In an era where Artificial Intelligence (AI) takes bold strides into our day-to-day lives, no industry remains untouched – including finance and investment. AI's reach into the world of investing extends from robo-advisors and automated investment strategies to portfolio optimization and trading services. The proliferation of AI today is fostering a seemingly more autonomous financial world.
This raises the question — are human financial advisors facing obsolescence? In our (undoubtedly slightly biased) view, the answer to this question is no. Despite AI's meteoric rise, the indispensability of human financial advisors will persist, particularly when it comes to managing the emotional and behavioral biases inherent in investing. We believe that advisors who embrace the efficiencies of AI, while focusing their efforts on the coaching and planning aspects of their roles stand to benefit immensely from this emerging trend.
AI in Investment: A New Dawn
AI stands tall as a game-changer in the investment landscape. Its ability to dissect enormous amounts of data, recognize patterns, and make real-time decisions is nothing short of impressive. These capabilities have already been fields like medicine, where AI has already far-surpassed humans in things like medical imaging analysis (see Episode 4 of our Behind the Numbers Podcast which explores this very topic here).
This year, we have integrated a new AI service into our investment process (to complement others which have been in use for years). This new addition is helping to optimize and improve our idea generation, and investment evaluation processes. The proliferation of AI-tools in finance promises not only to improve investment methodologies (for those who learn how to utilize them properly), but also to increase efficiency and lower costs over time.
Emotion, Behaviour, and Investment: The Human Element
Paradoxically, one of the greatest benefits of integrating AI into an investment process is also one of its greatest weaknesses: dealing with human emotion.

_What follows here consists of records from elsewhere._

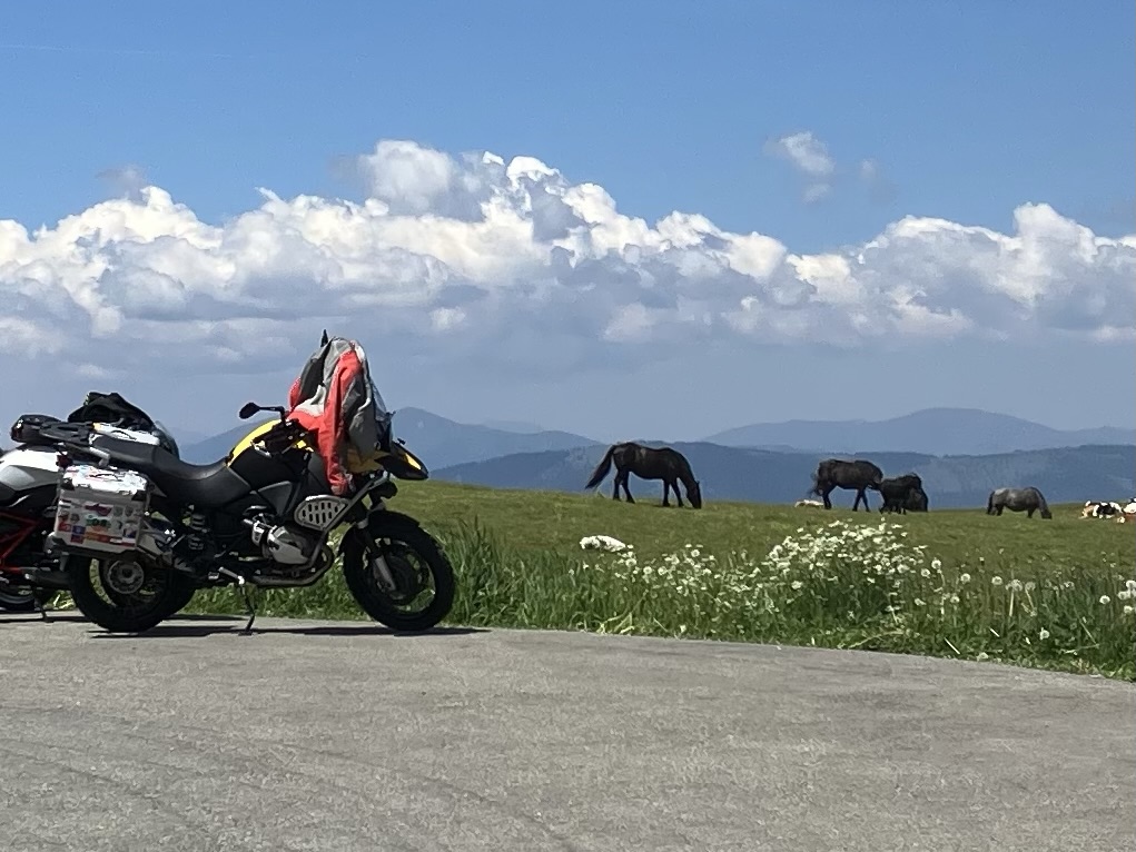 Bei der Weiterfahrt gab es dann noch einen kurzen Abstecher zu einem Zielpunkt vom heurigen Pässemarathon. Wir fahren 2025 zwar nicht in der Sieger-Wertung mit, aber sollte sich ein Zielpunkt auf unseren Strecken befinden, so machen wir ein Foto und reichen es ein. Wie schon in den vergangenen Jahren berichtet, sind immer Ziele dabei, die man so nicht kennt. Der Hocheggersattel war zwar keine große Offenbarung, aber Dabei-sein macht Spass (auch wenns nur ein bisschen Mit-fahren ist 😉 ).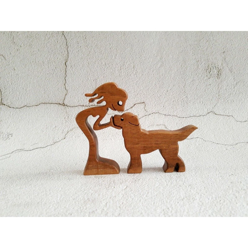 Handmade Wooden Figurine Girl and Labrador Walnut Wood Unique Home Decor Look at this couple! I'm sure they bring their owners happiness and pure love! Great present for Labrador, Retriever and just dogs lovers, friends, mom and dad... It's just great present! The figure is made of walnut wood, processed with special orange oil and wax. Ideally smooth surface, without hooking. High - 5" (12 cm) Width - 3.5" (9 cm) This figurine will be the only one, because we never use the same kind of tree sample. And for sure nature never will make the same pieces like snowflakes. We only looking for perfect peace of wood for THAT ONE!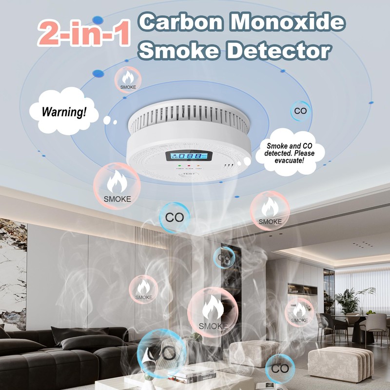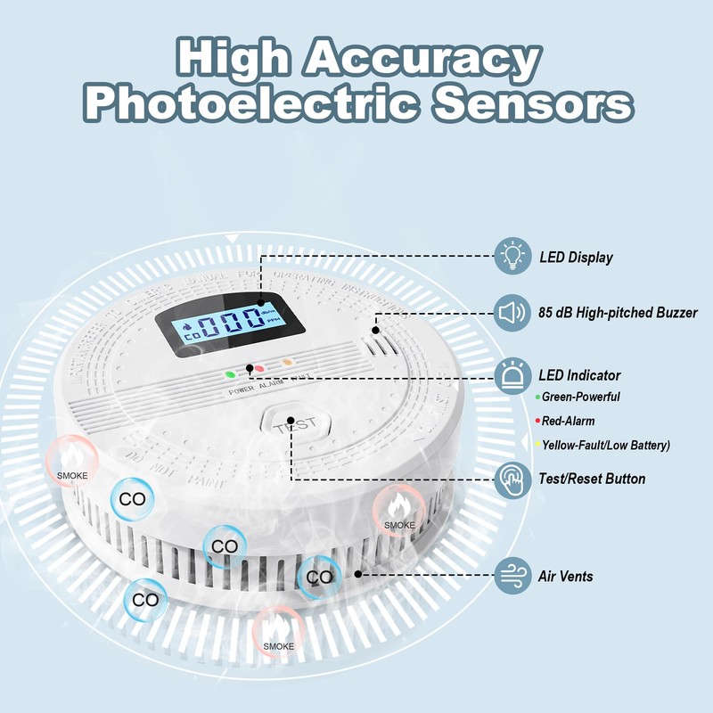 - 2-in-1 Sensitive Alarm: Smoke and carbon monoxide detectors adopt photoelectric and electrochemical sensor designs,which can detect the hazardous smoke and CO gases simultaneously and effectively.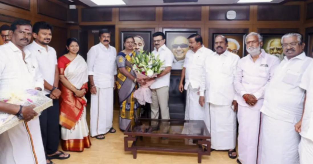 சென்னை: Desiya Murpokku Dravida Kazhagam (தேமுதிக) பொதுச் செயலாளர் Premallatha Vijayakant, தமிழ்நாடு முதல்வரும் Dravida Munnetra Kazhagam (திமுக) தலைவருமான M. K. Stalin அவர்களை திமுக தலைமையகத்தில் சந்தித்து, தேமுதிக திமுக கூட்டணியில் இணைவதை அதிகாரப்பூர்வமாக உறுதி செய்தார்.

As we’ve spoken to clients about time and time again, emotional detachment is a key quality to investment success – and AI is well-insulated against the various emotional and behavioral biases that humans are highly susceptible to.
However, the process of investing one’s assets elicits a spectrum of emotions including fear, overconfidence, regret, and even greed. These in-turn often spark impulsive decisions, possibly deviating investors from their financial goals. This is a topic we have spoken and written about often, including in a recent blog post: Good Behaviour = Good Investment Outcomes.
Managing these types of emotions and behaviors is something which we believe AI will continue to lag humans in for the foreseeable future. A robo-advisory tool could be programmed to share data, historical examples, and all sorts of information that should dissuade emotional decision-making, but presenting it in such a way that the human end-users feel acknowledged, reassured, and connected with the process is another challenge entirely.
Human Financial Advisors: The Emotional Compass
During the investment journey, human financial advisors can act as emotional compasses. They resonate with their clients' fears and aspirations, anticipate emotional responses, and can guide clients, making sure their decisions are in line with their dreams and goals, as well as their risk tolerance. Moreover, financial advisors play an educational role, helping their clients identify and manage biases to avert investment blunders. This guidance is invaluable, especially during volatile market periods when emotions run high.
The simple fact is that most investors make sub-optimal decisions with respect to deciding when to buy and when to sell. The chart below was sourced from Morningstar, and it shows the average 3-year returns for investors who buy when most others are buying (orange column), versus the average 3-year performance of investors who buy when most others are selling (yellow column).
Source: Morningstar
The importance of managing emotions is perhaps best illustrated with a real-world example. Many will remember the Global Financial Crisis of 2007-2008, which caused one of the most severe periods of market volatility of this generation. All told, the S&P 500 declined by 48% in approximately six months between August 2008 and March 2009. For many, this type of market decline brings on feelings of extreme stress and negativity – and we have in fact met or spoken to many investors who tell us they “never recovered” from the losses in 2008. However, the fact of the matter is, by the end of 2009 nearly half of the decline was erased. In fact, investors who bought at the October 2007 peak and simply held their investments until today (including the recent 2022 drawdown) would have averaged a return of around +8.7% per year (with reinvested dividends).
The Road Ahead: AI and Human Advisors in Tandem
The future of financial advisory services is not a battle between AI and human advisors, but a harmonious coexistence. AI, with its data-driven insights and automation capabilities, will relieve human advisors from more mundane tasks, and help control costs and increase efficiency. This will allow good financial advisors to focus on their strong suit — understanding client needs, emotional nuances, and behavioral biases, while delivering personalized and empathetic service.
In a nutshell, the ascension of AI doesn't overshadow the importance of human financial advisors. Their unique ability to navigate clients through the emotional labyrinth of investing is unmatched. Amid an AI-dominated world, the human touch in financial advisory services will become not less, but perhaps more valuable than ever.